Addressing The Risks And Protecting Critical Assets

As structures face risks posed by severe weather events and other potential “shocks,” protecting infrastructure means developing resilience to those events.

Greg Lowe, global head, Sustainability and Resilience at Aon, underscores the importance of properly safeguarding these critical assets – especially in the context of climate-related risk. “Resilience is about being prepared to deal with shocks.” Looking at infrastructure long-term, he states, is crucial and “cities are asking whether their infrastructure is fit for purpose over decades.”

In the case of airports, the ACI’s September 2018 policy brief warned that more extreme weather- and climate-related events “may lead to fundamental transformation of the socio-economic system.” For airports, “the risks of flooding, flight disruptions and cancellations become more likely.”

“Airports need to understand the risks and initiate adaptation measures for both existing and new infrastructure, as well as managing critical operations to become more resilient to the changing climate,” according to the ACI brief.

The ACI brief also encourages airport operators to examine all the potential impacts of extreme weather events on their facilities so they can prioritize and respond to the risks. “Only comprehensive climate-change risk-management strategies will ensure the continuity of operation, profitability and asset value,” the brief said.

Gary Moran, head of Aviation Asia at Aon, echoes the ACI’s advice, and thinks many airport operators are taking it to heart. “We are seeing more consideration to protect against flood damage and planning around storm drains around airports so that they are fit for purpose.”

We are seeing more consideration to protect against flood damage and planning around storm drains around airports so that they are fit for purpose.”
– Gary Moran, head of Aviation Asia at Aon
Tweet This

How Airports Are Increasing Resilience

As the exposures worsen over time, various airports are taking steps to address their flood risks.
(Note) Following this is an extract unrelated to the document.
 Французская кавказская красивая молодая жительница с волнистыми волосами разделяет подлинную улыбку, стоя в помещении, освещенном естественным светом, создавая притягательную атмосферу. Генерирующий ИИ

San Francisco airport officials have installed seawalls and are looking to take other steps to protect the airport, including a potential $383 million project that would include measures to help the facility defend itself against further rises in sea level by 2025.

Boston’s Logan International Airport has set a goal of becoming a national model for resilience planning and implementation among port authorities. Logan officials have set about understanding the potential impacts of climate change and taken steps to mitigate the risks. Risk mitigation steps undertaken so far include purchasing temporary flood barriers, raising electrical and mechanical equipment above forecasted flood levels, sealing and waterproofing openings and conduits, installing water sensors and pumps and installing systems to anchor temporary flood fences and flood barriers in emergencies.
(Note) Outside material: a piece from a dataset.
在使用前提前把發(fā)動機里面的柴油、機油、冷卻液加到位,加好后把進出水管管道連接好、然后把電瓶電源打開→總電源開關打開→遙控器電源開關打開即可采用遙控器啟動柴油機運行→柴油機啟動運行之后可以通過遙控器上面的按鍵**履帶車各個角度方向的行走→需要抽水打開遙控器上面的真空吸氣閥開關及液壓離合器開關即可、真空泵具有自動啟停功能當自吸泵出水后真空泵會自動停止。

Meanwhile, Changi Airport in Singapore has resurfaced its runways to provide better drainage and is building a new terminal at a higher level to protect against flooding as sea levels rise.
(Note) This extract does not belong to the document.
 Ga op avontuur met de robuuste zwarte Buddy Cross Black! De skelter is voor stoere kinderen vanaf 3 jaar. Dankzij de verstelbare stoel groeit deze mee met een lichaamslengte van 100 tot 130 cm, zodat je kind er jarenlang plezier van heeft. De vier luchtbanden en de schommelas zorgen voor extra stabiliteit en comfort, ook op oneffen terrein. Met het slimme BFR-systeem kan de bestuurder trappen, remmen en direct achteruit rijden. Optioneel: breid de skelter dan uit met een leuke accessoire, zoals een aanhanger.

Brisbane Airport officials also are building higher, with a new runway built a meter higher than originally planned. Meanwhile a higher seawall and better drainage to address higher sea levels are also being planned.

Building Storm Resilience

Airports are a critical part of our modern infrastructure, essential to linking people and businesses around the world. Events that disrupt activities at a major airport can have a significant economic impact.

As low-lying airports recognize the risks associated with climate change and rising sea levels, it is critical that they begin to build resilience to storm surges and flooding. As they do so, they may well provide lessons to officials elsewhere who are looking to protect other forms of vital infrastructure from storms and other natural perils.